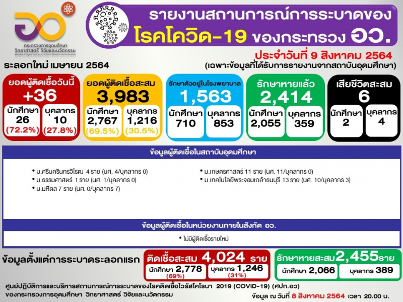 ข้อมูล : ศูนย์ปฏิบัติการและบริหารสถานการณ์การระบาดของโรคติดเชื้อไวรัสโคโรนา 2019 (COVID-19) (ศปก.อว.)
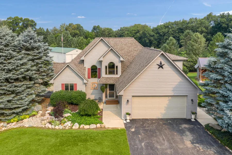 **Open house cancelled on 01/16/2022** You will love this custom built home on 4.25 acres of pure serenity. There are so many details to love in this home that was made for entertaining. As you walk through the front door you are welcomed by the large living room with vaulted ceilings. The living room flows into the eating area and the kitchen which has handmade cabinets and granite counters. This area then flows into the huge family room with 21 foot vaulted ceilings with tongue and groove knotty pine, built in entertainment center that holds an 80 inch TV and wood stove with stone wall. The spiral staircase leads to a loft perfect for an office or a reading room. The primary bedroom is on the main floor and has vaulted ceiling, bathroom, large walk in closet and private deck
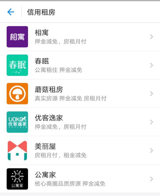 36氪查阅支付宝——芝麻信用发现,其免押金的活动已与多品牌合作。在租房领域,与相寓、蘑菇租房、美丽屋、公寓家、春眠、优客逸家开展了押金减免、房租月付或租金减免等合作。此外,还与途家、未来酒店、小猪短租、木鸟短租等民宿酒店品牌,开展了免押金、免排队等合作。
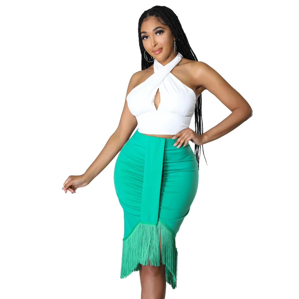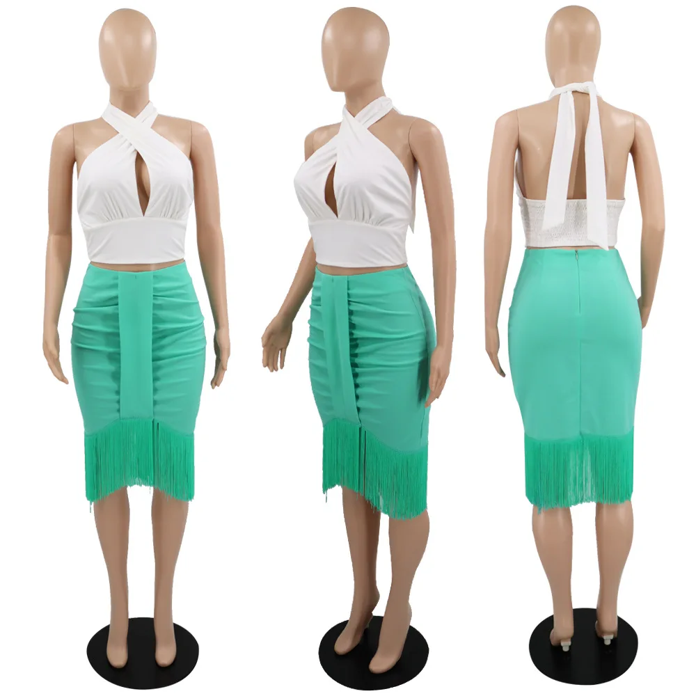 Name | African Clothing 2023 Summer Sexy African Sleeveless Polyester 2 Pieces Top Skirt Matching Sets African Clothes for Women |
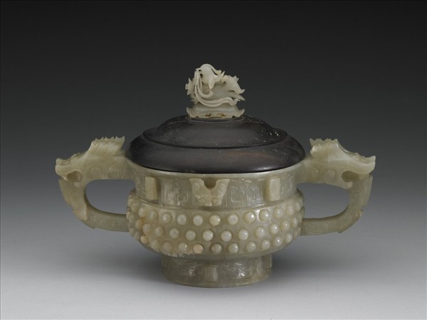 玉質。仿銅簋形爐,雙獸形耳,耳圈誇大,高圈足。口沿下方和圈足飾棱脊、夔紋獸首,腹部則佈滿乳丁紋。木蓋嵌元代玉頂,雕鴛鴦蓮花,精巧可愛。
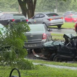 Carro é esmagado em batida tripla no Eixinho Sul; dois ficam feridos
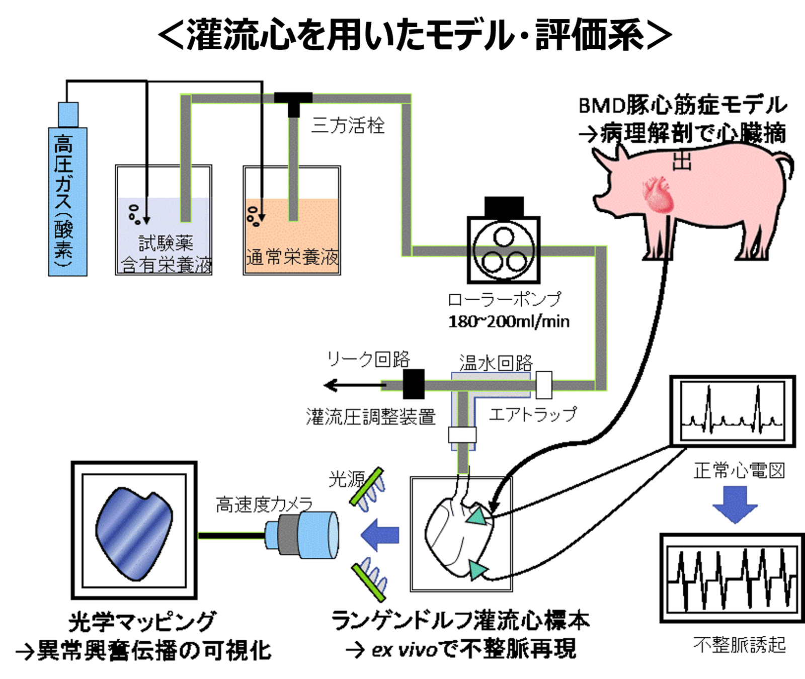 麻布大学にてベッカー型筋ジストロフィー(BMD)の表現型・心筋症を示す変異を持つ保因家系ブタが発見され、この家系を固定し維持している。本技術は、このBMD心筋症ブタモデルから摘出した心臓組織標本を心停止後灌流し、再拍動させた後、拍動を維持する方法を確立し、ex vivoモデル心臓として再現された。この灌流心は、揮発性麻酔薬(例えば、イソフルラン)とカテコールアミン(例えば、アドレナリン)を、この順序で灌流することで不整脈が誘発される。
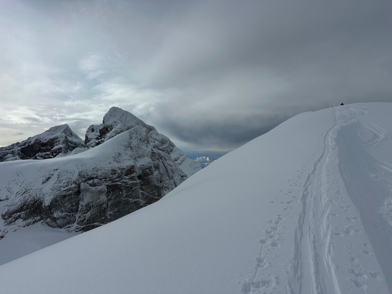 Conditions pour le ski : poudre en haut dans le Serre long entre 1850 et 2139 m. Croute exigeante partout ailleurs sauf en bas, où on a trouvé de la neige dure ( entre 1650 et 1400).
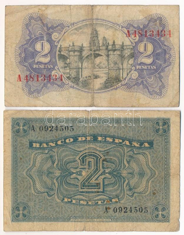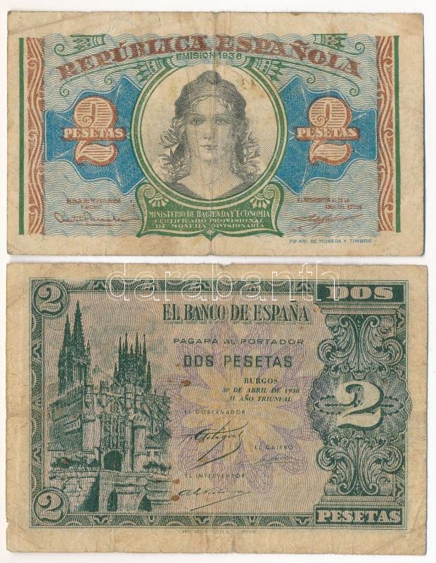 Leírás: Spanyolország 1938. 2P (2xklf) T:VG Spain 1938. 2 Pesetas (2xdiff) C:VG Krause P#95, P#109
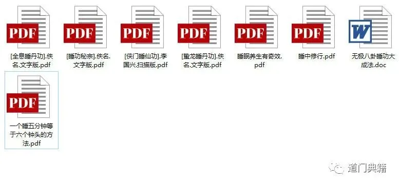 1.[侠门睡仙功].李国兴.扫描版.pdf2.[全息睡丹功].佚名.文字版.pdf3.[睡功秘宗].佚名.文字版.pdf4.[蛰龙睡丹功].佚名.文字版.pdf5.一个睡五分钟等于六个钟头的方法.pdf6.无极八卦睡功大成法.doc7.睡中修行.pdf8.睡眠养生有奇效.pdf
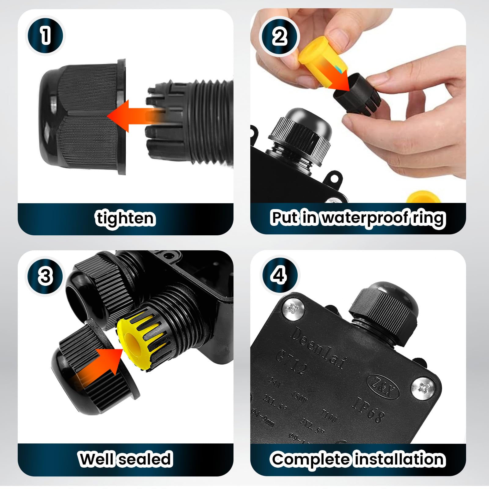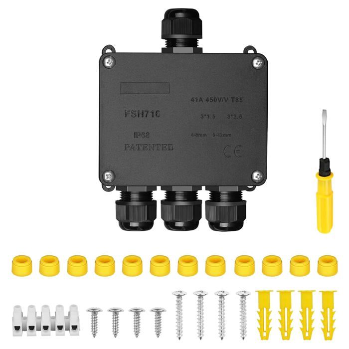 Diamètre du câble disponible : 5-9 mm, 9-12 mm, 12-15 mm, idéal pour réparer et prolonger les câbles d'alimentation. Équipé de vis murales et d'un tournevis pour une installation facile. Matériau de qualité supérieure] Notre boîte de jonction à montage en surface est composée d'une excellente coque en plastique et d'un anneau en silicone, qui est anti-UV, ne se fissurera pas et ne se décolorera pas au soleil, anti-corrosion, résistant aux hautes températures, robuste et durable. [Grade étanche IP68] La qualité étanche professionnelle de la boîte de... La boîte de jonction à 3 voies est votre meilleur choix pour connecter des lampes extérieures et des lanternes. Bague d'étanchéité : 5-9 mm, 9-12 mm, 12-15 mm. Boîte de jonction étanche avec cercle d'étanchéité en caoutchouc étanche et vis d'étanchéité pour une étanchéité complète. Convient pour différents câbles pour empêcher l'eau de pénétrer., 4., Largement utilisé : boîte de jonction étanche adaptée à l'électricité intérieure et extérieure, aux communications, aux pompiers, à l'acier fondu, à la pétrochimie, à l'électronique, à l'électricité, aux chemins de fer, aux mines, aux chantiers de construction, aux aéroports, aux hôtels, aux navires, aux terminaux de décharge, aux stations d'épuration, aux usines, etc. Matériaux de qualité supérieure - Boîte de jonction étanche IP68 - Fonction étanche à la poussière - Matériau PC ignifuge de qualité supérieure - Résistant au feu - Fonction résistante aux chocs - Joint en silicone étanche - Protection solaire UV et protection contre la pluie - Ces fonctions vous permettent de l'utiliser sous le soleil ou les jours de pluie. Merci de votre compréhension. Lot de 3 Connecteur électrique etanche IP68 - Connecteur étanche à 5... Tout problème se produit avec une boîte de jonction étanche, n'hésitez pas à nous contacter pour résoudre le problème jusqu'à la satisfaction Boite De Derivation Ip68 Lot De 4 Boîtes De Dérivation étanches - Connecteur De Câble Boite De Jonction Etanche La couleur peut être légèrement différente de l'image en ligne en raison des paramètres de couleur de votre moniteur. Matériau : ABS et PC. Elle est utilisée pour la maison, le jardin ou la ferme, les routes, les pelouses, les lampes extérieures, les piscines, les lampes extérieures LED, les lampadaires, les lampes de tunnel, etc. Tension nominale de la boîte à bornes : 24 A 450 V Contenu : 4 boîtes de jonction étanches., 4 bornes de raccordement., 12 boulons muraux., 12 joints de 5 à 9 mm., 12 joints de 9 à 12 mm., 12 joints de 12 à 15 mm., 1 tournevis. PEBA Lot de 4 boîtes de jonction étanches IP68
- - - -
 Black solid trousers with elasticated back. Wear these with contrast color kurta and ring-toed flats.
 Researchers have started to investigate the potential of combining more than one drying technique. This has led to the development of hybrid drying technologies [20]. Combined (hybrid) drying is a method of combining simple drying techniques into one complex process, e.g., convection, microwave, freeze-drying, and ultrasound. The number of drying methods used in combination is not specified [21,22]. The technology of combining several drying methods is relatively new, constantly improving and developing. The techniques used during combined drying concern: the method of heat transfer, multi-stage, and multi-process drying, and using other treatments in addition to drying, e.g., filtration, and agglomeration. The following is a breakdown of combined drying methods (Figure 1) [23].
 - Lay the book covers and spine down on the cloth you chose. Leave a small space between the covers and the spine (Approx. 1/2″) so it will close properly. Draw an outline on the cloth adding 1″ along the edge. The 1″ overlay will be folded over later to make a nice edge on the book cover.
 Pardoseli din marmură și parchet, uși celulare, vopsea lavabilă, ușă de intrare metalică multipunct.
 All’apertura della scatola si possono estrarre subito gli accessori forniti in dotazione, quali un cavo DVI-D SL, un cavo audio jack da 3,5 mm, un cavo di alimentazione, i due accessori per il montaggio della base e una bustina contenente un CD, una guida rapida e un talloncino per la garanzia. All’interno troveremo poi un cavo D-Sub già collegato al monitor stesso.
- - - -
Give again the stretch of the entries above that begins at the line with "2019 (COVID-19) (ศปก.อว.)" and ends at the line with "麻布大学にてベッカー型筋ジス", word for word, with no pictures.

→ **Solution for this task**:
 ข้อมูล : ศูนย์ปฏิบัติการและบริหารสถานการณ์การระบาดของโรคติดเชื้อไวรัสโคโรนา 2019 (COVID-19) (ศปก.อว.)
 **Open house cancelled on 01/16/2022** You will love this custom built home on 4.25 acres of pure serenity. There are so many details to love in this home that was made for entertaining. As you walk through the front door you are welcomed by the large living room with vaulted ceilings. The living room flows into the eating area and the kitchen which has handmade cabinets and granite counters. This area then flows into the huge family room with 21 foot vaulted ceilings with tongue and groove knotty pine, built in entertainment center that holds an 80 inch TV and wood stove with stone wall. The spiral staircase leads to a loft perfect for an office or a reading room. The primary bedroom is on the main floor and has vaulted ceiling, bathroom, large walk in closet and private deck
 36氪查阅支付宝——芝麻信用发现,其免押金的活动已与多品牌合作。在租房领域,与相寓、蘑菇租房、美丽屋、公寓家、春眠、优客逸家开展了押金减免、房租月付或租金减免等合作。此外,还与途家、未来酒店、小猪短租、木鸟短租等民宿酒店品牌,开展了免押金、免排队等合作。
 Name | African Clothing 2023 Summer Sexy African Sleeveless Polyester 2 Pieces Top Skirt Matching Sets African Clothes for Women |
 玉質。仿銅簋形爐,雙獸形耳,耳圈誇大,高圈足。口沿下方和圈足飾棱脊、夔紋獸首,腹部則佈滿乳丁紋。木蓋嵌元代玉頂,雕鴛鴦蓮花,精巧可愛。
 Carro é esmagado em batida tripla no Eixinho Sul; dois ficam feridos
 麻布大学にてベッカー型筋ジストロフィー(BMD)の表現型・心筋症を示す変異を持つ保因家系ブタが発見され、この家系を固定し維持している。本技術は、このBMD心筋症ブタモデルから摘出した心臓組織標本を心停止後灌流し、再拍動させた後、拍動を維持する方法を確立し、ex vivoモデル心臓として再現された。この灌流心は、揮発性麻酔薬(例えば、イソフルラン)とカテコールアミン(例えば、アドレナリン)を、この順序で灌流することで不整脈が誘発される。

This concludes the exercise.